[Dataset records]
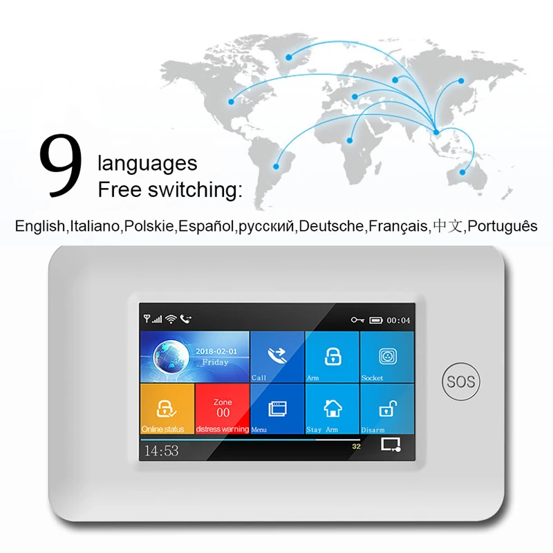 Полностью сенсорный дисплей домашняя система охранной сигнализации дюйма, Wi-Fi, GPRS, RFID 4,3, 10 языков, совместим с приложением Tuya сигнализация от взлома
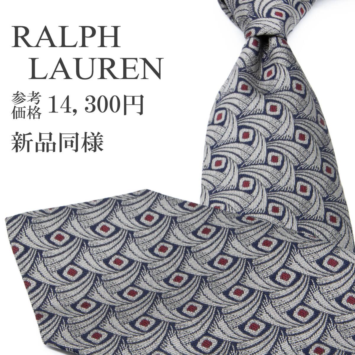 > 送料無料 ラルフローレン ネクタイ レギュラータイ ジャガード 新品同様 シルク シルバー 赤 レッド ネイビーブルー 光沢 ブランド P413
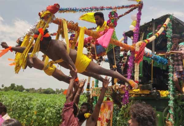 திருவண்ணாமலை மாவட்டம் மங்கலம் அடுத்த மட்டப்பாறை குன்றின் மேல் உள்ள பாலமுருகன் கோயிலில் ஆடி கிருத்திகையை முன்னிட்டு, நெல் அறுக்கும் இயந்திர வாகனத்தில் தொங்கியபடி நேத்திக்கடன் செலுத்தி வழிபட்ட பக்தர்கள்.
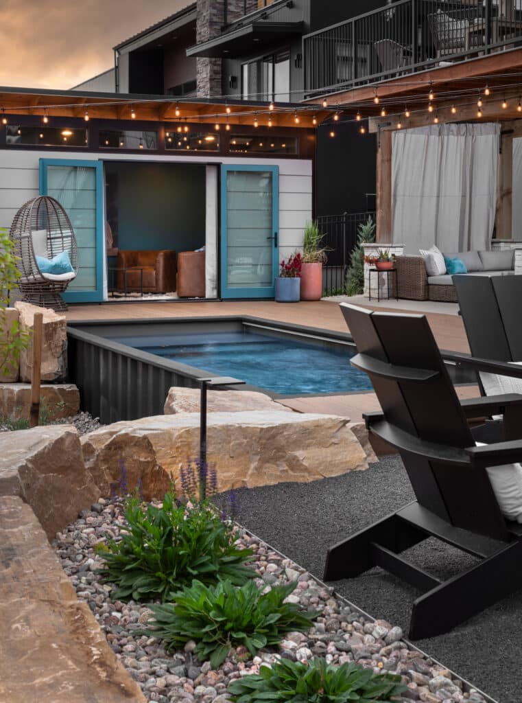 The shipping container pool redefines outdoor leisure. Crafted from a repurposed shipping container, the pool not only stands out with its industrial aesthetic but also showcases sustainability and creativity. This striking feature seamlessly integrates into the landscape, offering a unique and modern twist on traditional swimming pools.
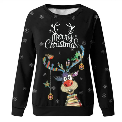 Αυτό το πουλόβερ αναδεικνύει έναν τάρανδο εικονογραφημένο σε μια χαρούμενη και πολύχρωμη στυλ. Οι νιφάδες και οι διακοσμήσεις προσθέτουν μια οπτική πινελιά που θυμίζει το ζεστό πνεύμα της εποχής. Εύκολο να φορεθεί καθημερινά, προσθέτει μια παιχνιδιάρικη νότα σε όλες τις ενδυμασίες του τέλους του έτους.
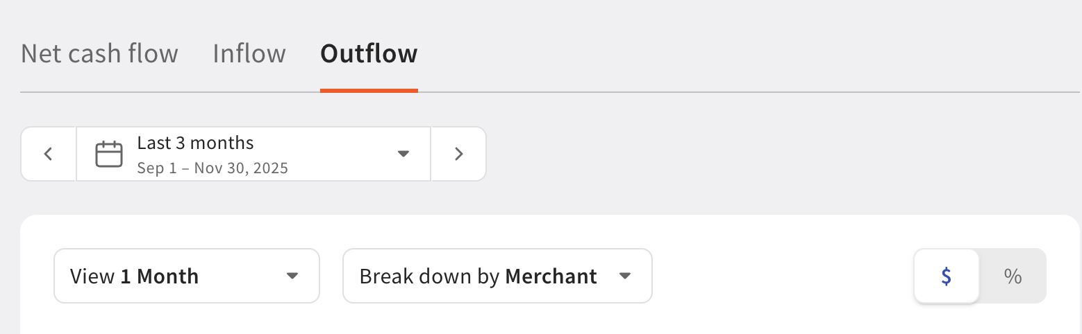 The outflow report can also be viewed by dollar amount or percentages, but can be broken down even further by allowing you to review your cash outflow by merchant, or by transaction category.
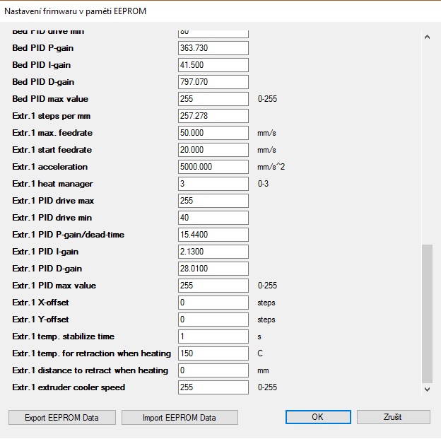 Použité hodnoty byly 100 a 180°C. Vše s následujícími hodnotami EEPROM. Jen druh regulace jsem přepínal pomocí displeje.

[To do] Your answer must be an exact copy of the records, minus any pictures.

[Exercise result]
 Полностью сенсорный дисплей домашняя система охранной сигнализации дюйма, Wi-Fi, GPRS, RFID 4,3, 10 языков, совместим с приложением Tuya сигнализация от взлома
 > 送料無料 ラルフローレン ネクタイ レギュラータイ ジャガード 新品同様 シルク シルバー 赤 レッド ネイビーブルー 光沢 ブランド P413
 திருவண்ணாமலை மாவட்டம் மங்கலம் அடுத்த மட்டப்பாறை குன்றின் மேல் உள்ள பாலமுருகன் கோயிலில் ஆடி கிருத்திகையை முன்னிட்டு, நெல் அறுக்கும் இயந்திர வாகனத்தில் தொங்கியபடி நேத்திக்கடன் செலுத்தி வழிபட்ட பக்தர்கள்.
 The shipping container pool redefines outdoor leisure. Crafted from a repurposed shipping container, the pool not only stands out with its industrial aesthetic but also showcases sustainability and creativity. This striking feature seamlessly integrates into the landscape, offering a unique and modern twist on traditional swimming pools.
 Αυτό το πουλόβερ αναδεικνύει έναν τάρανδο εικονογραφημένο σε μια χαρούμενη και πολύχρωμη στυλ. Οι νιφάδες και οι διακοσμήσεις προσθέτουν μια οπτική πινελιά που θυμίζει το ζεστό πνεύμα της εποχής. Εύκολο να φορεθεί καθημερινά, προσθέτει μια παιχνιδιάρικη νότα σε όλες τις ενδυμασίες του τέλους του έτους.
 The outflow report can also be viewed by dollar amount or percentages, but can be broken down even further by allowing you to review your cash outflow by merchant, or by transaction category.
 Použité hodnoty byly 100 a 180°C. Vše s následujícími hodnotami EEPROM. Jen druh regulace jsem přepínal pomocí displeje.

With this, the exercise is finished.